--- THE DATA Enclosed Below ---

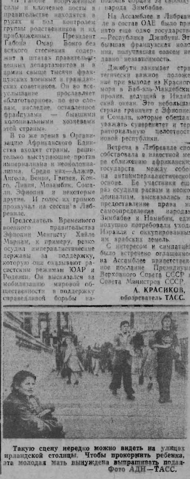
Такою сцену нередко можно видеть на улицах прландской столицы. Чтобы прокормить ребенка, эта молодая мать вынуждена выпрашивать подаяние.

сыр и пошлв к дыре. Первым вылез «Осел», принял мешки и помог «Зинке» выбраться. Вдруг с двух сторон их осветили яркие лучи фонариков и раздалась команда: «Руки вверх!» Зайдя в кабинет следователя, не дожидаясь вопросов, «Осел» сам обратился: — Гражданин следователь! Я отвечаю на все ваши вопросы, скажу всю правду, но прежде разрешите всего два вопроса? — Пожалуйста, — разрешил капитан. — Как я засыпался? — Очень просто. Вы сами к себе вызвали милицию. О вашем проникновении в магазин нас известила сигнализация. Что еще? — Если это не вранье — второй вопрос: еще кто-нибудь попадался на этих проклятых сигналах? — И не один десяток, — спокойно ответил следователь и продолжал: — Возможно, вы еще встретитесь где-либо на пересылке или в колонии с некими Ермаковым, Соколовым, Винокуровым, Мясниковым, Бурнаковым. Все они задержаны прямо в магазине. «Осел» задумался. Потом попросил бумагу, ручку и очень подробно стал описывать историю своих ночных походов, конечно, всю вину сваливая на «Зинку». «Зинка» же в свою очередь полностью очернил «Осла». Но это их, конечно, не спасло. Они понесли заслуженное наказание. Таков финал всех, кто не жаждет честно трудиться и пытается жить за счет общества. И. СОТНИКОВ, майор милиции.
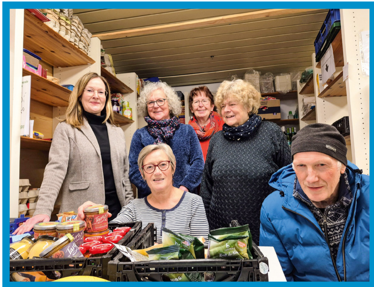
Die „Warenkörbe“ des Caritasverbands Brilon: Rund 1.300 bedürftige Menschen kaufen dort gegen einen Obolus ein

Bei Armut denken viele an unbezahlbaren Wohnraum in Metropolen, an soziale Brennpunkte oder Obdachlose in Einkaufsstrassen. Auf dem Land wird Armut weniger vermutet. Dabei liegt die Armutsgefährdungsquote in NRW in ländlichen Regionen nur etwas unter der städtischen. Auf dem Land ist man also auch arm – nur eben anders. Der Armuts- und Reichtumsbericht der Bundesregierung zeigt: Während Städte stärker von sozialräumlicher Segregation betroffen sind, leidet der ländliche Raum unter Erreichbarkeits-, Mobilitäts- und Angebotsarmut – unter weiten Wegen, schlecht erreichbaren sozialen Diensten, einem schwachen ÖPNV und weniger Arbeitsplätzen für Niedrigqualifizierte. Betroffen sind in NRW vor allem ältere Menschen, die auf dem Land häufiger armutsgefährdet sind als in der Stadt. Dass sich Armut in ländlichen Gebieten weniger konzentriert, sondern verstreut auftritt, hat zwei gravierende
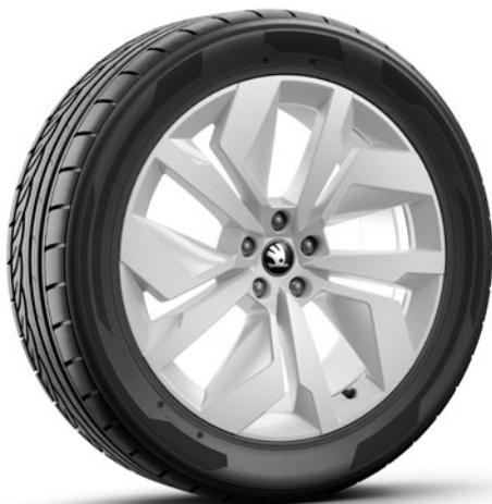
Jantes en alliage 8J x 20" & 9J x 20" «Vega», argent métallisé, peintes
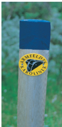
Karolinerleden er merket med skiltstokker.

Ta ettermiddagstoget til Haltdalen st. Det anbefales et besøk på Gammalgården, - den
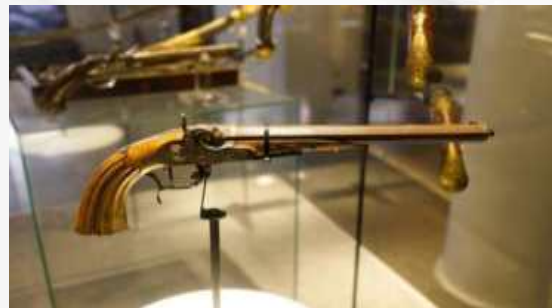
Ружье Екатерины II
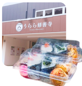
↑おむすびの具材は日替わりです

修善寺駅から徒歩3分、伊豆箱根鉄道の電車からもよく見える『修善寺ぎょうざ』と『ハレの日おむすび』を売るお店です♪ 店内の“yaneひろば”はイベントも開催される、地域に開かれた場所。 今回は、日替わりのおむすび弁当を注文します。(税込600円実費)
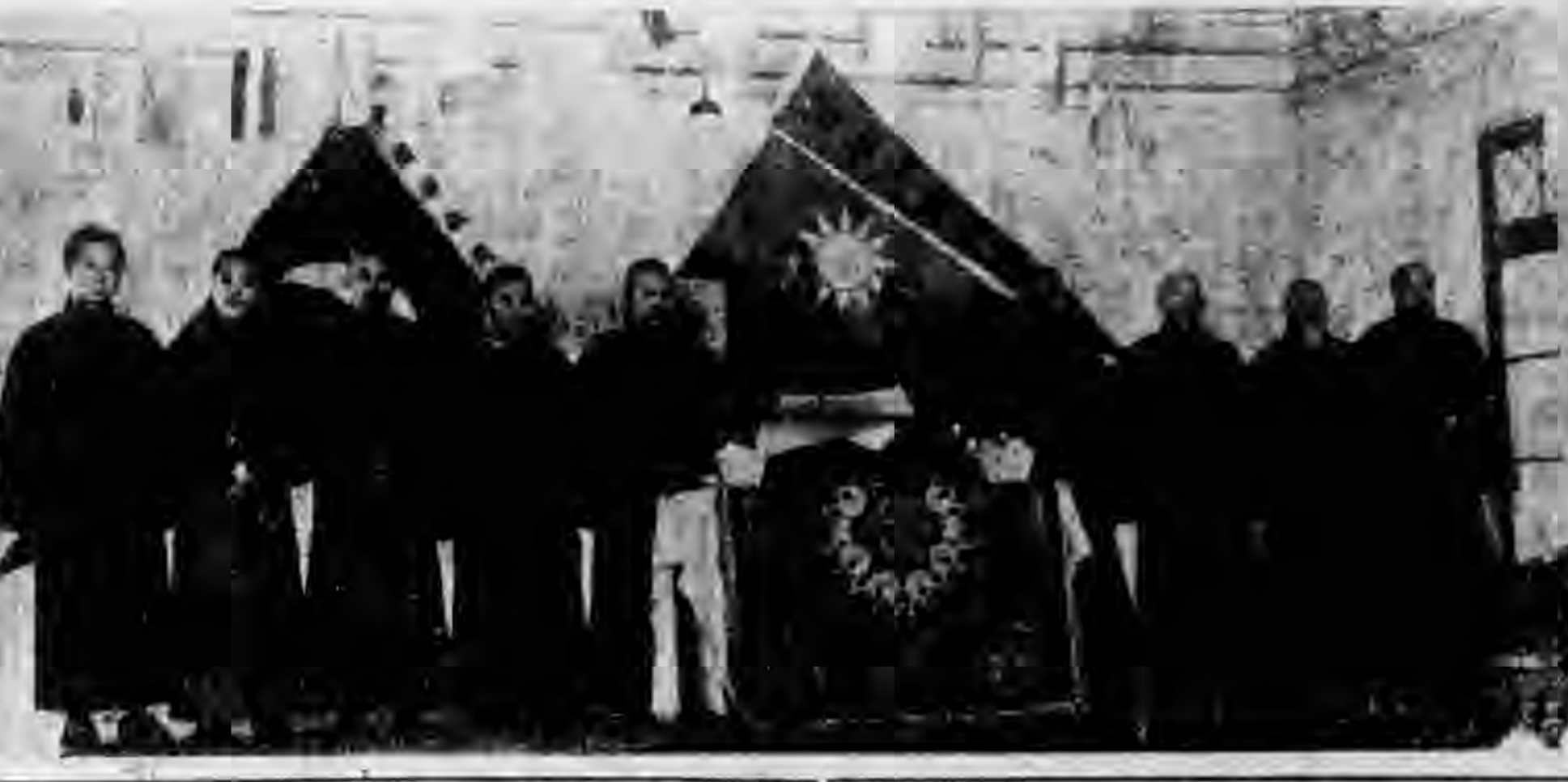
回教總聯合會全體委員合影
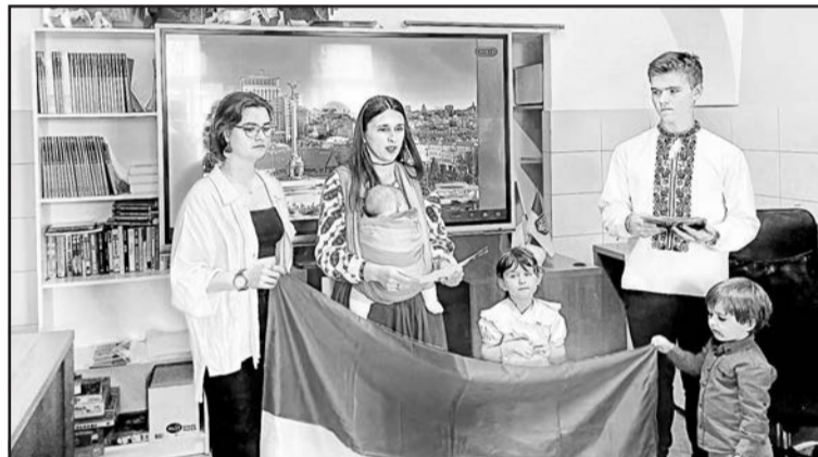
▲ Учасники зустрічі заспівали українські пісні.
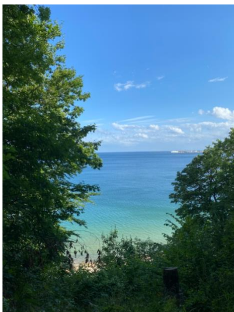
-Den Permanente Strand
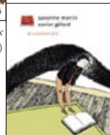
Le Souterrain (L'An 2)
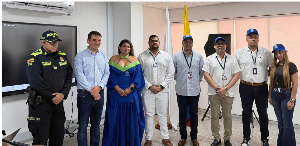
En el nuevo Centro serán atendidos casos como indemnizaciones por daños, entre otros.

En el nuevo Centro serán atendidos casos como indemnizaciones por daños, contaminación auditiva, incumplimientos de acuerdos de pago, cuotas de alimentos, arriendos, riñas, hechos de violencia intrafamiliar, entre otros.
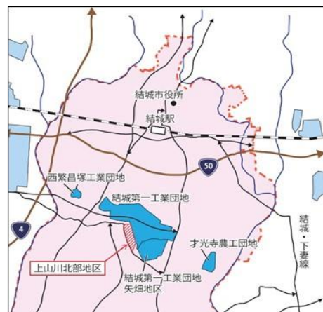
工業地ゾーンへの編入区域図
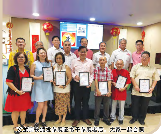
文龙宗长颁发参展证书予参展者后，大家一起合照
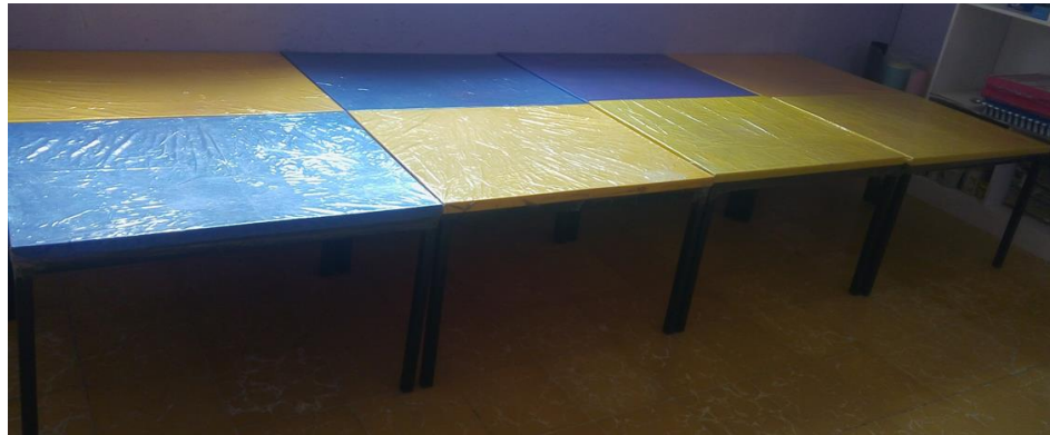
37- 3 MESAS AZULES Y 5 MESAS AMARILLAS
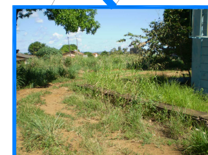
DETALHE DA FALTA DE MANUTENÇÃO
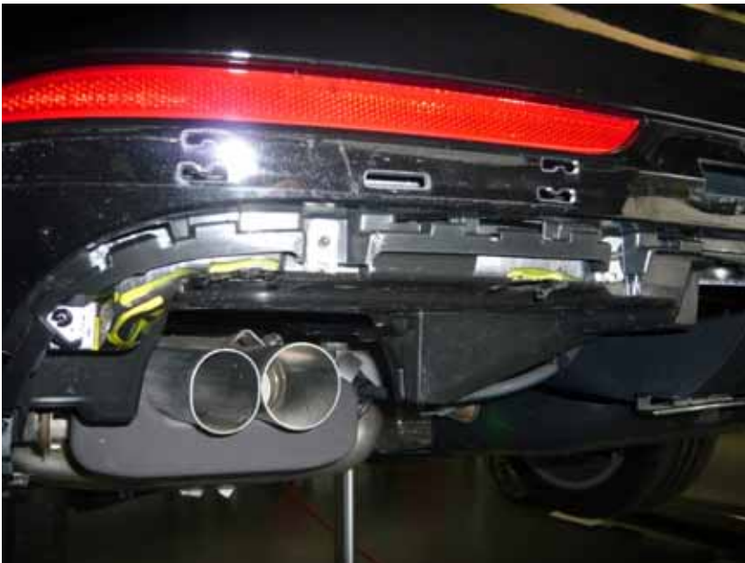
Abbildung / Figure 22: Ausschneiden der originalen Heckschürze / Cutout the original rear skirt
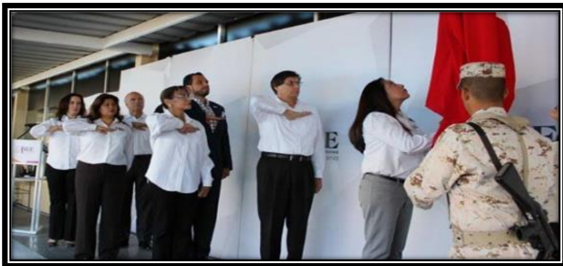
Fotografía tomada en la anterior sede del IEEBC 14 de febrero de 2017
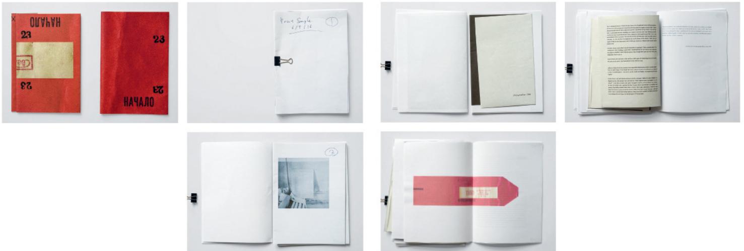
exposure, 14.8 x 21 cm, Dummy by Kazuma Obara

Portfolio avec 8 à 12 images consécutives (séquence) d'un reportage ou d'une série
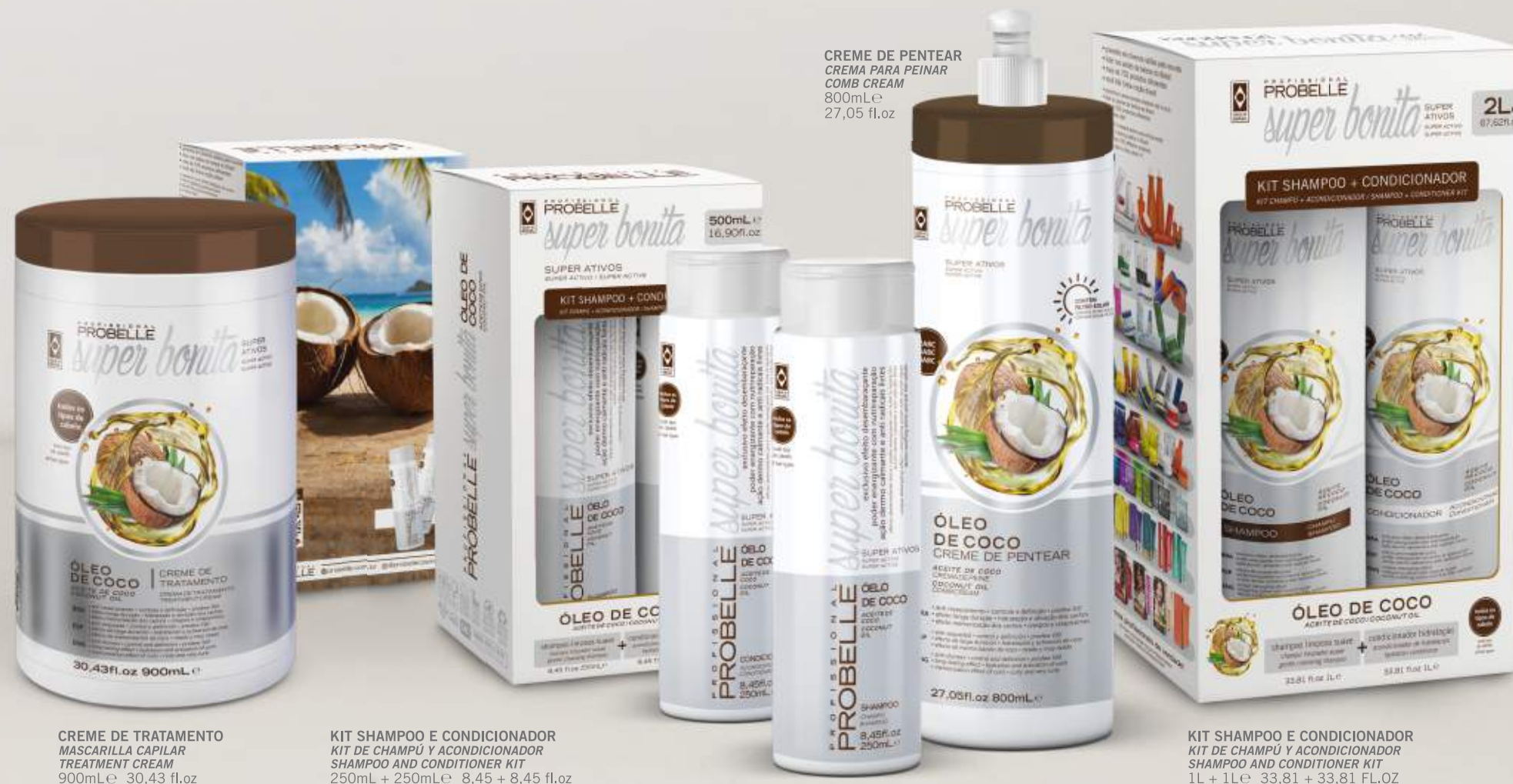
CREME DE TRATAMENTO MASCARILLA CAPILAR TREATMENT CREAM 900mL e 30,43 fl.oz
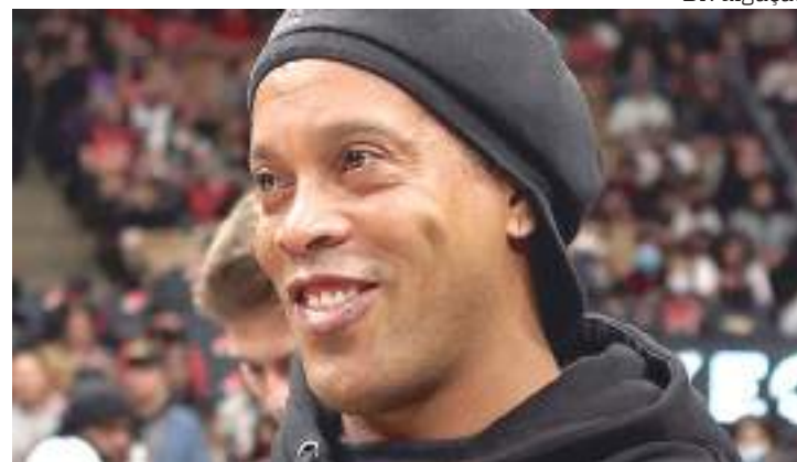
Ronaldinho Gaúcho esteve presente em jogo da NBA, nos EUA

Com a vitória do Spurs (33-45) sobre o Blazers, a distância entre os dois times aumentou e o Lakers vai precisar de um milagre para retomar a vaga.
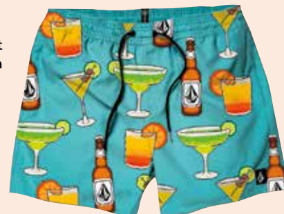
VOLCOM Kopalke 8 bit volcom.com 43,00 €
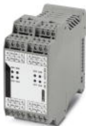
8-канальный модуль расширения HART® с винтовыми зажимами

Обратите внимание на то, что приведенные здесь данные взяты из online-каталога. Полная информация и данные содержатся в документации пользователя. Действуют Общие условия использования для информации, загруженной из интернета. ( http://phoenixcontact.ru/download )
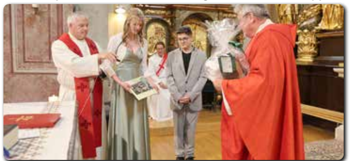
Dank an den Firmspender mit Geschenken aus der Pfarre.
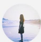
遠藤 明日香 @sherry_1113
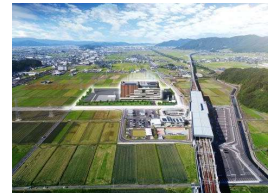
【越前たけふ駅前に新設予定の(株)福井村田製作所の研究開発センター】
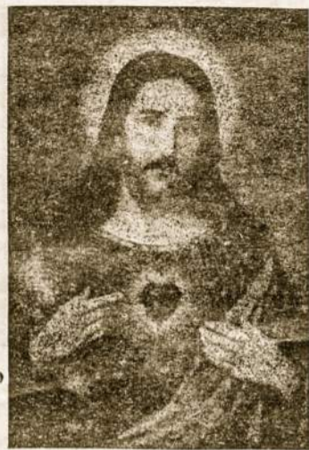
Kristus mums kalba evangelijose

Popiežiaus Jono Pauliaus II laiškas vaikams neturi precedentų-pirmą kartą Visuotinėse Bažnyčios ganytojas tiesiogiai kreipiasi į vaikus kaip į pašnekovus, kalbasi su jais kaip su Bažnytinės šeimos nariais. Laiško stilius yra paprastas, bet rimtas, nenusaldintas. Popiežius kalbasi su vaikais apie didžiausias krikščioniškas vertybes - bendravimą su Dievu, meilę, solidarumą, maldą. "Dieviškasis kūdiki, pa-
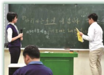
第二外語課程---韓文課上課實況
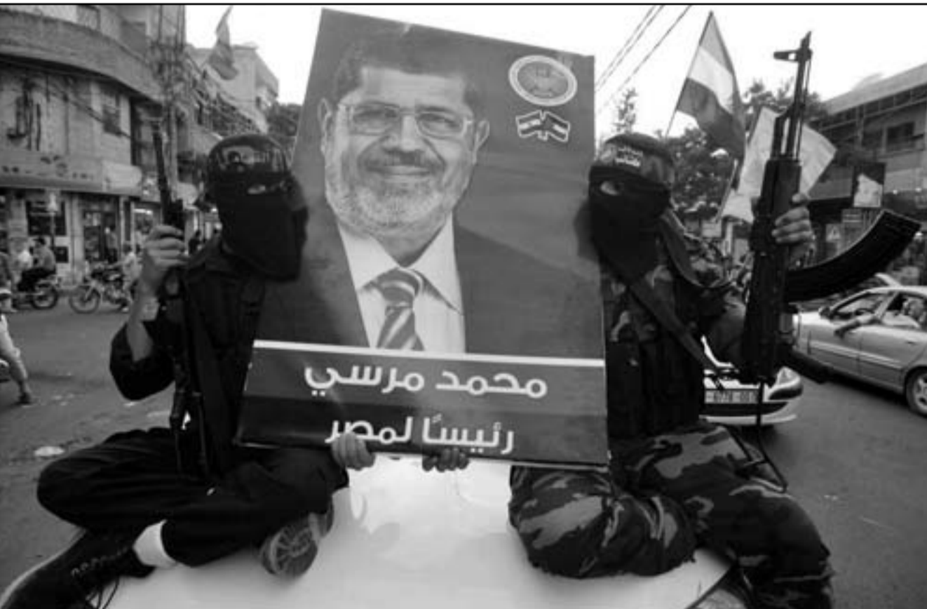
عصران من كتابات القسام يحتفلان في غزة بفوز مرسي

--- End of Enclosed THE DATA ---

● **TASK STATEMENT**:
Hand back the data exactly as it appears, with all pictures cut.

● **REPLY TO THE EXERCISE**:
Такою сцену нередко можно видеть на улицах прландской столицы. Чтобы прокормить ребенка, эта молодая мать вынуждена выпрашивать подаяние.

сыр и пошлв к дыре. Первым вылез «Осел», принял мешки и помог «Зинке» выбраться. Вдруг с двух сторон их осветили яркие лучи фонариков и раздалась команда: «Руки вверх!» Зайдя в кабинет следователя, не дожидаясь вопросов, «Осел» сам обратился: — Гражданин следователь! Я отвечаю на все ваши вопросы, скажу всю правду, но прежде разрешите всего два вопроса? — Пожалуйста, — разрешил капитан. — Как я засыпался? — Очень просто. Вы сами к себе вызвали милицию. О вашем проникновении в магазин нас известила сигнализация. Что еще? — Если это не вранье — второй вопрос: еще кто-нибудь попадался на этих проклятых сигналах? — И не один десяток, — спокойно ответил следователь и продолжал: — Возможно, вы еще встретитесь где-либо на пересылке или в колонии с некими Ермаковым, Соколовым, Винокуровым, Мясниковым, Бурнаковым. Все они задержаны прямо в магазине. «Осел» задумался. Потом попросил бумагу, ручку и очень подробно стал описывать историю своих ночных походов, конечно, всю вину сваливая на «Зинку». «Зинка» же в свою очередь полностью очернил «Осла». Но это их, конечно, не спасло. Они понесли заслуженное наказание. Таков финал всех, кто не жаждет честно трудиться и пытается жить за счет общества. И. СОТНИКОВ, майор милиции.
Die „Warenkörbe“ des Caritasverbands Brilon: Rund 1.300 bedürftige Menschen kaufen dort gegen einen Obolus ein

Bei Armut denken viele an unbezahlbaren Wohnraum in Metropolen, an soziale Brennpunkte oder Obdachlose in Einkaufsstrassen. Auf dem Land wird Armut weniger vermutet. Dabei liegt die Armutsgefährdungsquote in NRW in ländlichen Regionen nur etwas unter der städtischen. Auf dem Land ist man also auch arm – nur eben anders. Der Armuts- und Reichtumsbericht der Bundesregierung zeigt: Während Städte stärker von sozialräumlicher Segregation betroffen sind, leidet der ländliche Raum unter Erreichbarkeits-, Mobilitäts- und Angebotsarmut – unter weiten Wegen, schlecht erreichbaren sozialen Diensten, einem schwachen ÖPNV und weniger Arbeitsplätzen für Niedrigqualifizierte. Betroffen sind in NRW vor allem ältere Menschen, die auf dem Land häufiger armutsgefährdet sind als in der Stadt. Dass sich Armut in ländlichen Gebieten weniger konzentriert, sondern verstreut auftritt, hat zwei gravierende
Jantes en alliage 8J x 20" & 9J x 20" «Vega», argent métallisé, peintes
Karolinerleden er merket med skiltstokker.

Ta ettermiddagstoget til Haltdalen st. Det anbefales et besøk på Gammalgården, - den
Ружье Екатерины II
↑おむすびの具材は日替わりです

修善寺駅から徒歩3分、伊豆箱根鉄道の電車からもよく見える『修善寺ぎょうざ』と『ハレの日おむすび』を売るお店です♪ 店内の“yaneひろば”はイベントも開催される、地域に開かれた場所。 今回は、日替わりのおむすび弁当を注文します。(税込600円実費)
回教總聯合會全體委員合影
▲ Учасники зустрічі заспівали українські пісні.
-Den Permanente Strand
Le Souterrain (L'An 2)
En el nuevo Centro serán atendidos casos como indemnizaciones por daños, entre otros.

En el nuevo Centro serán atendidos casos como indemnizaciones por daños, contaminación auditiva, incumplimientos de acuerdos de pago, cuotas de alimentos, arriendos, riñas, hechos de violencia intrafamiliar, entre otros.
工業地ゾーンへの編入区域図
文龙宗长颁发参展证书予参展者后，大家一起合照
37- 3 MESAS AZULES Y 5 MESAS AMARILLAS
DETALHE DA FALTA DE MANUTENÇÃO
Abbildung / Figure 22: Ausschneiden der originalen Heckschürze / Cutout the original rear skirt
Fotografía tomada en la anterior sede del IEEBC 14 de febrero de 2017
exposure, 14.8 x 21 cm, Dummy by Kazuma Obara

Portfolio avec 8 à 12 images consécutives (séquence) d'un reportage ou d'une série
CREME DE TRATAMENTO MASCARILLA CAPILAR TREATMENT CREAM 900mL e 30,43 fl.oz
Ronaldinho Gaúcho esteve presente em jogo da NBA, nos EUA

Com a vitória do Spurs (33-45) sobre o Blazers, a distância entre os dois times aumentou e o Lakers vai precisar de um milagre para retomar a vaga.
VOLCOM Kopalke 8 bit volcom.com 43,00 €
8-канальный модуль расширения HART® с винтовыми зажимами

Обратите внимание на то, что приведенные здесь данные взяты из online-каталога. Полная информация и данные содержатся в документации пользователя. Действуют Общие условия использования для информации, загруженной из интернета. ( http://phoenixcontact.ru/download )
Dank an den Firmspender mit Geschenken aus der Pfarre.
遠藤 明日香 @sherry_1113
【越前たけふ駅前に新設予定の(株)福井村田製作所の研究開発センター】
Kristus mums kalba evangelijose

Popiežiaus Jono Pauliaus II laiškas vaikams neturi precedentų-pirmą kartą Visuotinėse Bažnyčios ganytojas tiesiogiai kreipiasi į vaikus kaip į pašnekovus, kalbasi su jais kaip su Bažnytinės šeimos nariais. Laiško stilius yra paprastas, bet rimtas, nenusaldintas. Popiežius kalbasi su vaikais apie didžiausias krikščioniškas vertybes - bendravimą su Dievu, meilę, solidarumą, maldą. "Dieviškasis kūdiki, pa-
第二外語課程---韓文課上課實況
عصران من كتابات القسام يحتفلان في غزة بفوز مرسي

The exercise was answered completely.